Personal information
- Full name: Marco Wölfli
- Date of birth: 22 August 1982 (age 43)
- Place of birth: Grenchen, Switzerland
- Height: 1.86 m (6 ft 1 in)
- Position: Goalkeeper

Youth career
- 1991–1997: Fulgor Grenchen
- 1997–1998: FC Solothurn
- 1998–1999: Young Boys

Senior career*
- Years: Team / Apps / (Gls)
- 1999–2020: Young Boys / 490 / (0)
- 2002–2003: → Thun (loan) / 11 / (0)
- Total:  / 501 / (0)

International career
- 2001–2004: Switzerland U-21 / 25 / (0)
- 2008–2013: Switzerland / 11 / (0)

= Marco Wölfli =

Swiss footballer (born 1982)

Marco Wölfli (born 22 August 1982) is a Swiss former professional football goalkeeper who played for Young Boys in the Swiss Super League.

==Club career==
Wölfli made his league debut for Young Boys during their 1999–2000 Nationalliga B campaign. Two years later, limited opportunities with the first team saw him move to FC Thun, where he won promotion to the Nationalliga A and established himself as a good prospect. He returned to Young Boys in the summer of 2003, quickly cementing himself as the Bern club's first choice goalkeeper.

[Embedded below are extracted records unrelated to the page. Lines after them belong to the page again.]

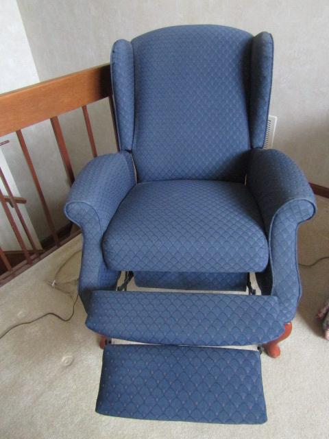 Blue Upholstered Queen Ann Style Push Back Recliner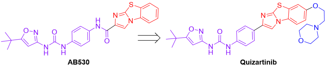 首先通过KinomeScan(Ambit Biosciences公司开发的激酶筛选平台,用于评估小分子与大量激酶活性位点的结合亲和力)对以小型激酶为中心的文库进行分析,得到二芳基脲骨架,简单的苯环取代基SAR后得到活性和选择性都很好(Kd = 1.6 nM)的lead分子AB530。但在较高剂量时,AB530的水溶性和口服PK还需要优化。引入增溶基团并去掉酰胺linker后得到上市药物Quizartinib[2]。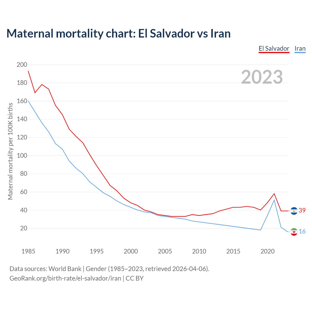 The maternal mortality rate, which is the probability of dying during childbirth or within 42 days of pregnancy termination, is 39 deaths per 100,000 live births in El Salvador, compared to 16 deaths in Iran.
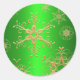 Redonda Pegatina de copos de nieve verde y dorado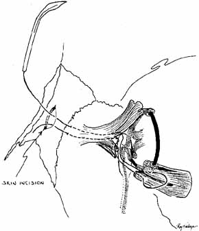 RECONSTRUCTION OF THE LACRIMAL DRAINAGE SYSTEM AFTER TUMOR EXCISION Lid tumors involving the punctum or canaliculus require careful excision under meticulous frozen section control or Mohs-type excision. However, a lid defect with a remaining proximal portion of the canaliculus can be repaired with a Silastic stent in a fashion similar to that described for canalicular lacerations (Figs. 62, 63, 64). Silastic tubing is passed through the normal punctum and canaliculus and brought out through the nasolacrimal duct. The other end, with the probe attached, is threaded into the remaining canalicular remnant. The lid is sutured into position, leaving a loop of Silastic that will form a pathway from the palpebral surface to the mucosa of the canaliculus. The tubing loop must be relatively loose to minimize the greater chances of cheesewiring that are present here.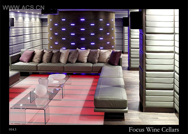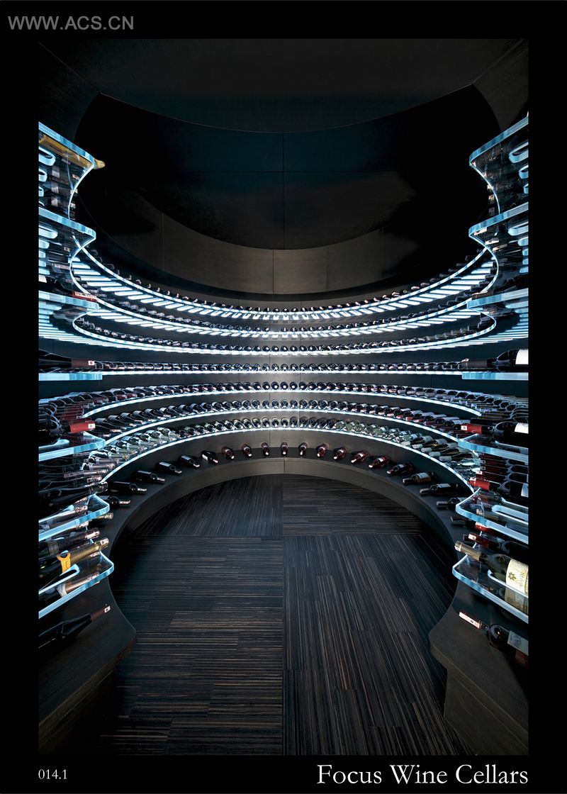 这间私人酒窖有一个独特的设计,带给人一种梦幻般的感觉。酒瓶放置在从天花板到地板上的300度环形阵列的数控切割玻璃搁架上。这种超现代的布置与巧妙隐藏的LED照明相结合,使酒窖的内部设计呈现出一种神秘感。从外面看,酒窖是客厅后面一个奇怪的发光的圆筒状物。巧妙的细节及精致的做工,确保了内部理想气候条件得以维持。该酒窖是FWC将风格与技术完美结合的呈现。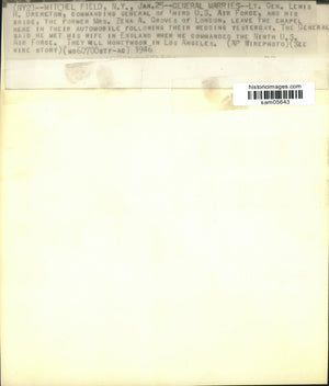 Mitchel Field, New York: Lieutenant General Lewis R. Brereton, commanding general of third U.S. Air Force, and his bride, the former Mrs. Zena A. Groves of London, leave the chapel here in their automobile following their wedding yesterday. The General Air Force. They will honeymoon in Los Angeles.
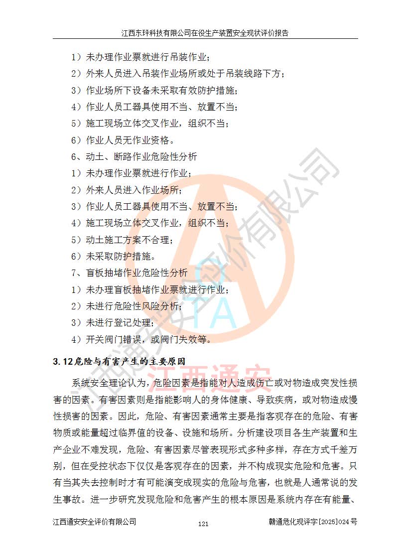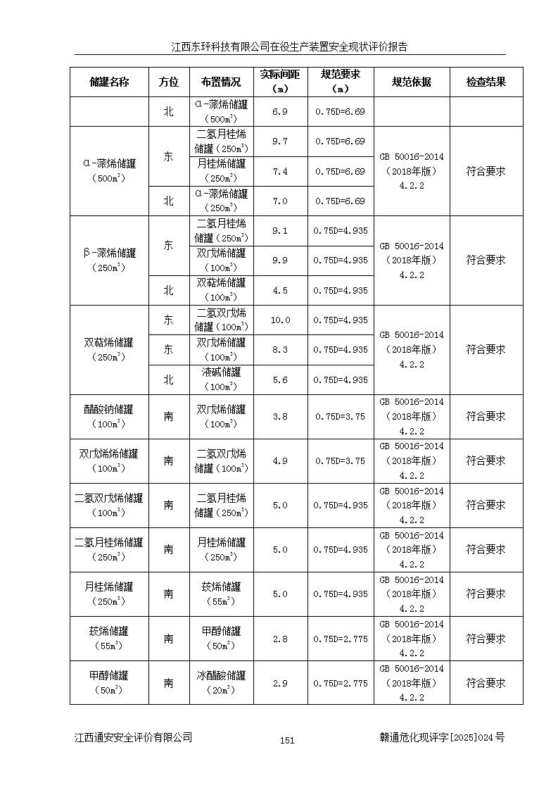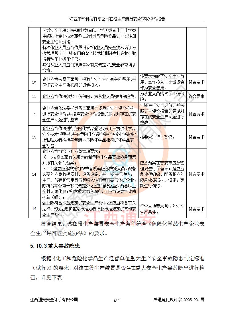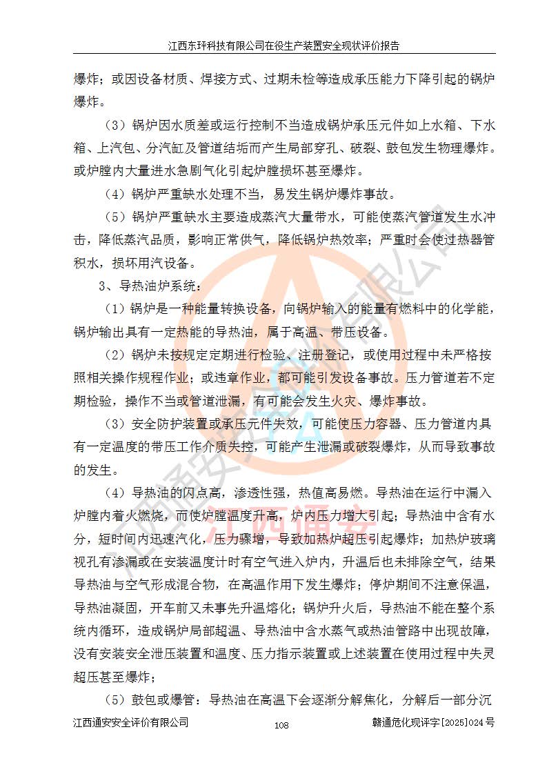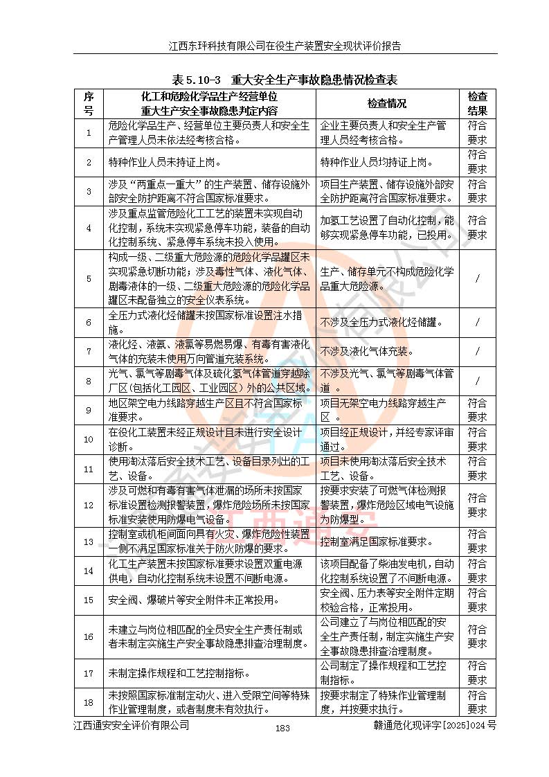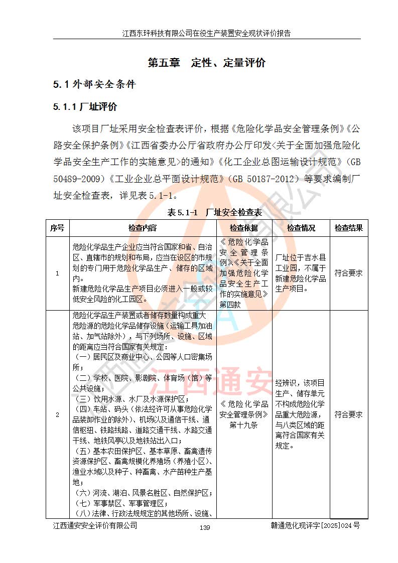 江西东玶科技有限公司位于江西省吉安市吉水县城西工业园区,法定**人为徐东,成立于2018年04月08日,注册资本叁仟贰佰叁拾万元整,经营范围为合成樟脑、α-蒎烯、β-蒎烯、二氢月桂烯(含月桂烯)、莰烯、双戊烯、氢气(中间产品)的制造加工(凭**批准证书经营);白乙酯、双萜烯等合成香料的制造加工等。 江西东玶科技有限公司2022年08月01日取得了《安全生产许可证》,许可证编号:(赣)WH安许证字[2022]1160号,许可范围为合成樟脑(2000t/a)、二氢月桂烯(1000t/a)、月桂烯(3200t/a)、莰烯(1000t/a)、双戊烯(810t/a)、双萜烯(1070t/a)、α-蒎烯(7500t/a)、β-蒎烯(3200t/a)、白乙酯(500t/a),**期为2022年08月01日至2025年07月31日。该公司2023年5月29日取得了三级安全生产标准化证书,证书编号:赣AQBWHⅢ202300036,**期至2026年5月。该公司现有员工53人,其中专职安全生产管理人员2人。 因生产经营需要,江西东玶科技有限公司实施了年产12000吨松节油深加工系列产品项目(二期),并将二氢月桂烯的设计生产规模2000t/a变更为1500t/a,减少中间产品蒎烷的消耗量,剩余的蒎烷(720t/a)作为产品销售。江西东玶科技有限公司委托深圳天阳工程设计有限公司进行了设计变更,按程序要求进行了试生产,委托评价公司编制了安全验收评价报告,并于2025年1月16日组织专家组和相关单位进行了验收。验收完成后,江西东玶科技有限公司2025年06月04日对《安全生产许可证》进行了变更,许可范围变更为合成樟脑(2000t/a)、二氢月桂烯(1500t/a)、月桂烯(3200t/a)、莰烯(1000t/a)、双戊烯(902.5t/a)、双萜烯(1200.7t/a)、α-蒎烯(7500t/a)、β-蒎烯(3200t/a)、白乙酯(500t/a)、蒎烷(中间产品,720t/a)。 江西东玶科技有限公司在役生产装置生产过程中涉及的主要原辅材料为松节油、乙酸、液碱、甲醇、碳酸钠、二甲苯、偏钛酸、甲酸、硫酸铜、雷尼镍、离子膜、天然气、氮气,中间产品为氢气、α-蒎烯、β-蒎烯、蒎烷,产品为合成樟脑、二氢月桂烯、月桂烯、莰烯、双戊烯、白乙酯、双萜烯,副产品为醋酸钠。根据《危险化学品目录》,该在役生产装置涉及的松节油、乙酸、液碱、甲醇、二甲苯、甲酸、雷尼镍、天然气(燃料)、氮气(压缩的)、柴油,中间产品α-蒎烯、β-蒎烯、氢气、蒎烷和产品中合成樟脑、二氢月桂烯、月桂烯、莰烯、双戊烯属于危险化学品。经辨识,甲醇、氢气和天然气(燃料)属于重点监管的危险化学品,甲醇属于特别管控的危险化学品,不涉及监控化学品、易制毒化学品、易制爆危险化学品、剧毒化学品和高毒物品,生产、储存单元不构成危险化学品重大危险源,涉及的加氢工艺属于重点监管的危险化工工艺。根据生产工艺特点及物料的理化特性可知,该在役生产装置生产过程中存在火灾与爆炸、中毒与窒息、触电、机械伤害、灼烫等危险有害因素。 该公司自2022年08月01日取得安全生产许可证以来,生产运行正常,未发生一般及以上生产安全事故。 |

After the retirement of veteran striker Thomas Häberli, Wölfli was named club captain by manager Vladimir Petkovic prior to the 2009–10 season. He is currently the longest tenured player at the club. In November 2010 he extended his contract to last until 30 June 2015.

He was part of the Young Boys squad that won the Swiss Super League for the first time in 32 years in 2017–18 season.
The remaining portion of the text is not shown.